* Study material *
═══
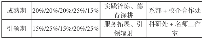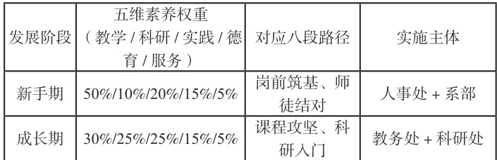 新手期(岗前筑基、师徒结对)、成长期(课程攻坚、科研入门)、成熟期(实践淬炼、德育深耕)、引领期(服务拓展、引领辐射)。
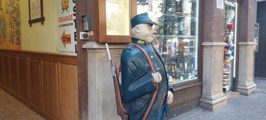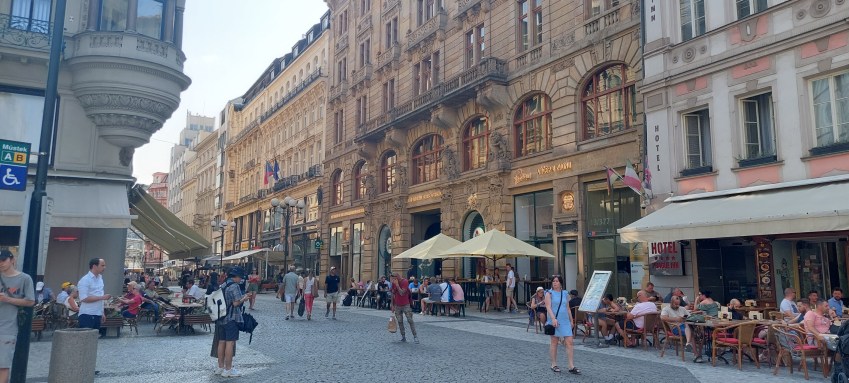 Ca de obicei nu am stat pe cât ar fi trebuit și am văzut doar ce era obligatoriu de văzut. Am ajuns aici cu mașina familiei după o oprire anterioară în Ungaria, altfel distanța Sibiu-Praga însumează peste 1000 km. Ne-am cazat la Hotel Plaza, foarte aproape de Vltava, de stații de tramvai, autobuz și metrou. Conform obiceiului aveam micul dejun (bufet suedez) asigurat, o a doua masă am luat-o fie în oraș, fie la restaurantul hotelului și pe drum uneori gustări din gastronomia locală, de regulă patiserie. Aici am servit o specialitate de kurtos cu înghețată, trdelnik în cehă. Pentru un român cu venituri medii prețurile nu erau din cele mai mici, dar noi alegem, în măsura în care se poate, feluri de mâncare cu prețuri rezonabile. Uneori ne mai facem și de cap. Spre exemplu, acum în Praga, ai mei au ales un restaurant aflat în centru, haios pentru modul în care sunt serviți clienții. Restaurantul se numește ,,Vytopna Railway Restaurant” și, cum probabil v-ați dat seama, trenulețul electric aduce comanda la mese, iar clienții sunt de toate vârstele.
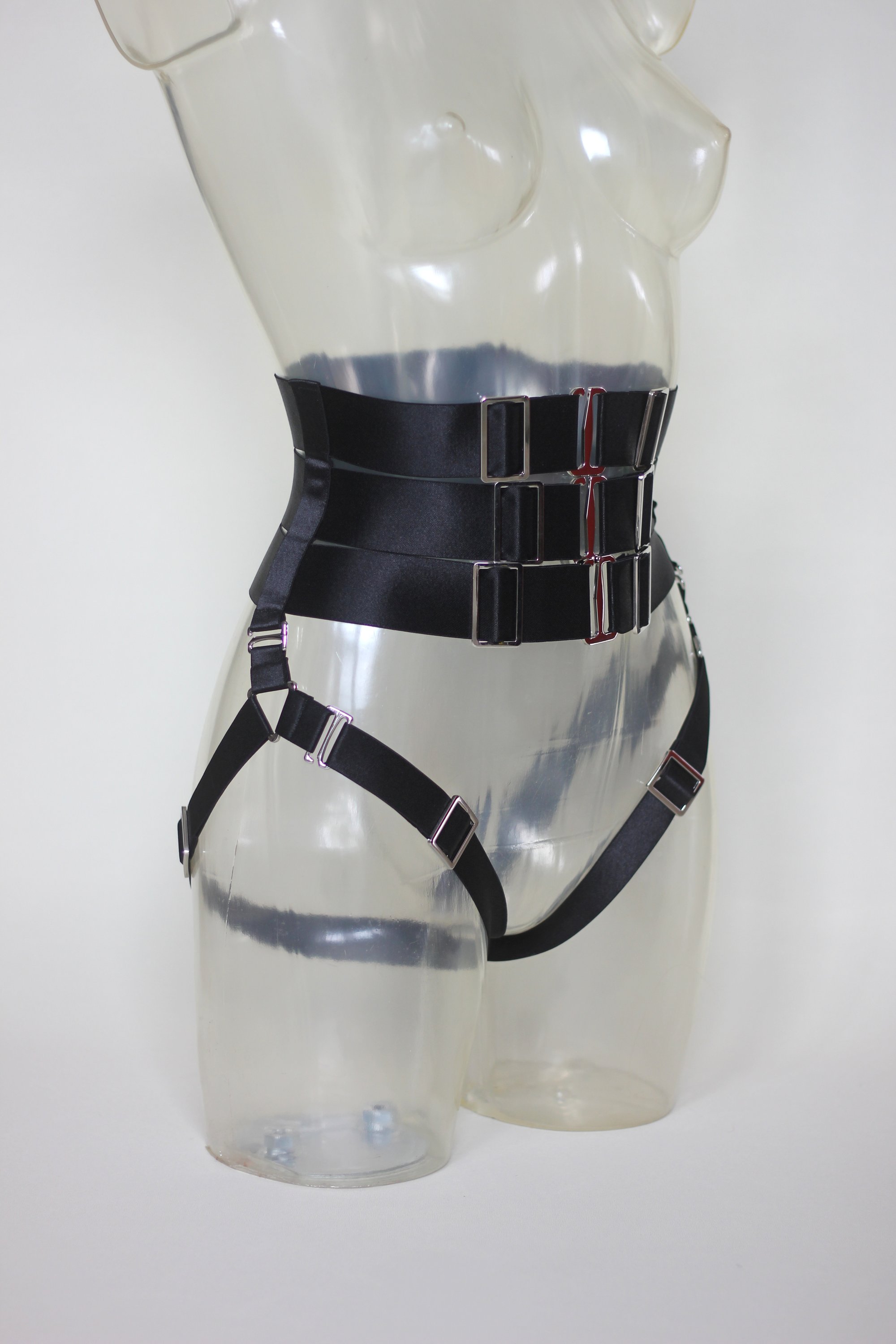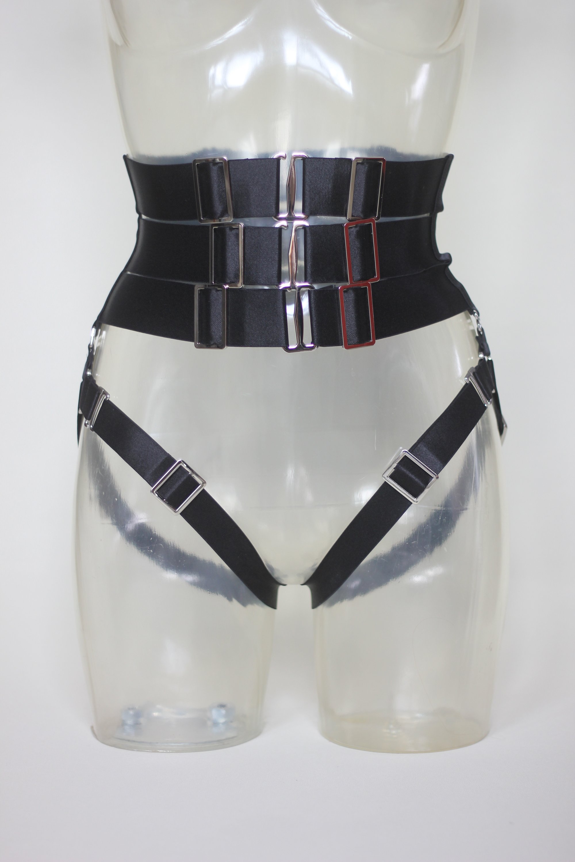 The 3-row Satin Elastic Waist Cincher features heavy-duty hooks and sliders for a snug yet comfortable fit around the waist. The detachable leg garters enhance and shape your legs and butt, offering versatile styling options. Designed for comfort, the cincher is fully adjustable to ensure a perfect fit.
═══
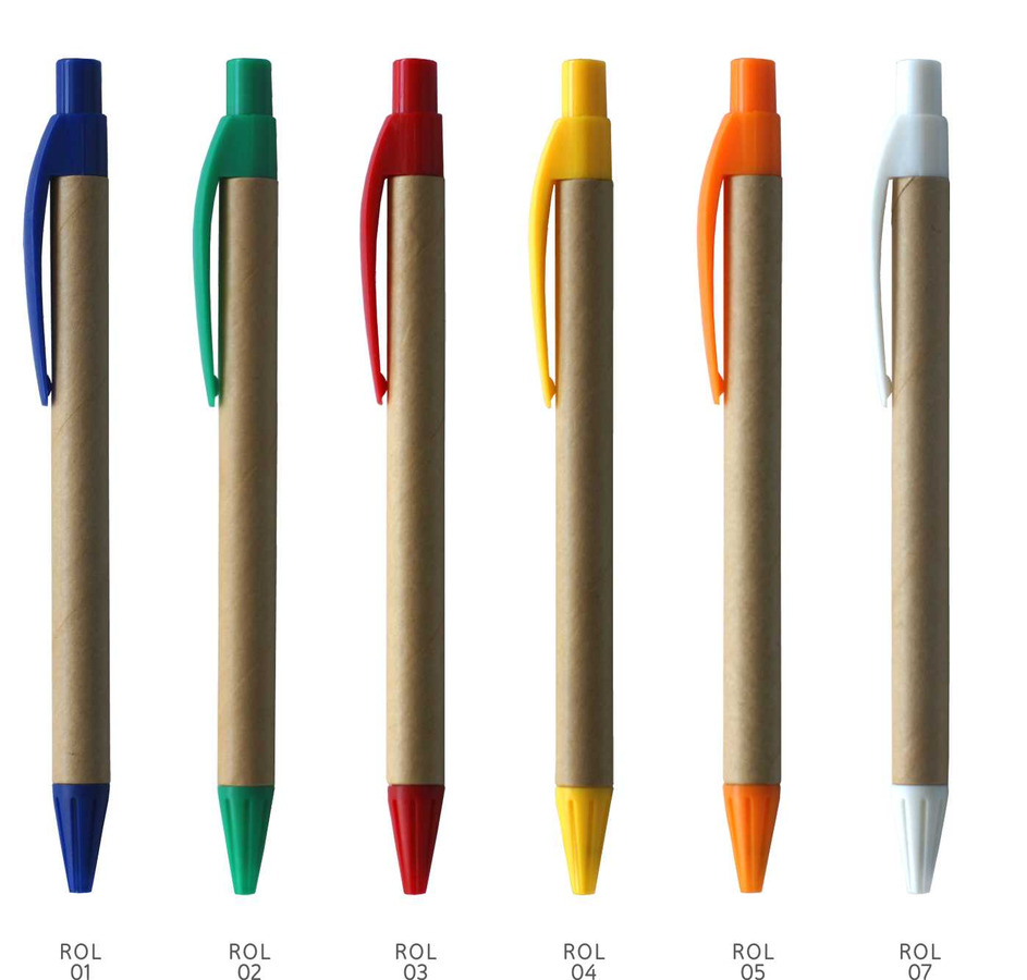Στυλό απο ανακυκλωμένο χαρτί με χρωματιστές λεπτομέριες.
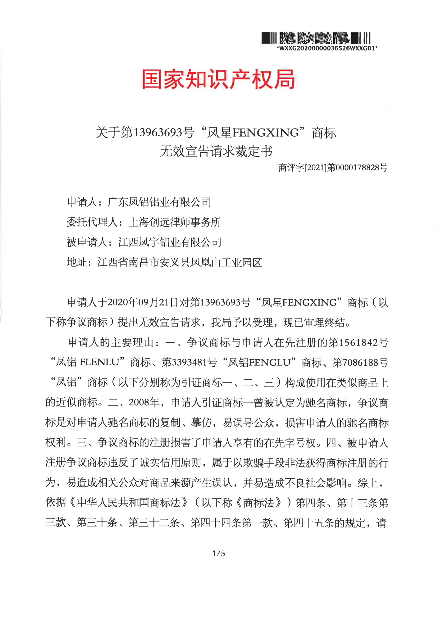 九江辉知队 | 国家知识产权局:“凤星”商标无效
═══
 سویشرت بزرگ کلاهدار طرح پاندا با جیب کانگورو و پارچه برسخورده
═══
* How to complete this task *
Look back at the data above, then output exactly the lines from the line holding "新手期(岗前筑基、师徒结对)" up to and including the line holding "The 3-row Satin". Leave out the pictures.

* Task solution *
 新手期(岗前筑基、师徒结对)、成长期(课程攻坚、科研入门)、成熟期(实践淬炼、德育深耕)、引领期(服务拓展、引领辐射)。
 Ca de obicei nu am stat pe cât ar fi trebuit și am văzut doar ce era obligatoriu de văzut. Am ajuns aici cu mașina familiei după o oprire anterioară în Ungaria, altfel distanța Sibiu-Praga însumează peste 1000 km. Ne-am cazat la Hotel Plaza, foarte aproape de Vltava, de stații de tramvai, autobuz și metrou. Conform obiceiului aveam micul dejun (bufet suedez) asigurat, o a doua masă am luat-o fie în oraș, fie la restaurantul hotelului și pe drum uneori gustări din gastronomia locală, de regulă patiserie. Aici am servit o specialitate de kurtos cu înghețată, trdelnik în cehă. Pentru un român cu venituri medii prețurile nu erau din cele mai mici, dar noi alegem, în măsura în care se poate, feluri de mâncare cu prețuri rezonabile. Uneori ne mai facem și de cap. Spre exemplu, acum în Praga, ai mei au ales un restaurant aflat în centru, haios pentru modul în care sunt serviți clienții. Restaurantul se numește ,,Vytopna Railway Restaurant” și, cum probabil v-ați dat seama, trenulețul electric aduce comanda la mese, iar clienții sunt de toate vârstele.
 The 3-row Satin Elastic Waist Cincher features heavy-duty hooks and sliders for a snug yet comfortable fit around the waist. The detachable leg garters enhance and shape your legs and butt, offering versatile styling options. Designed for comfort, the cincher is fully adjustable to ensure a perfect fit.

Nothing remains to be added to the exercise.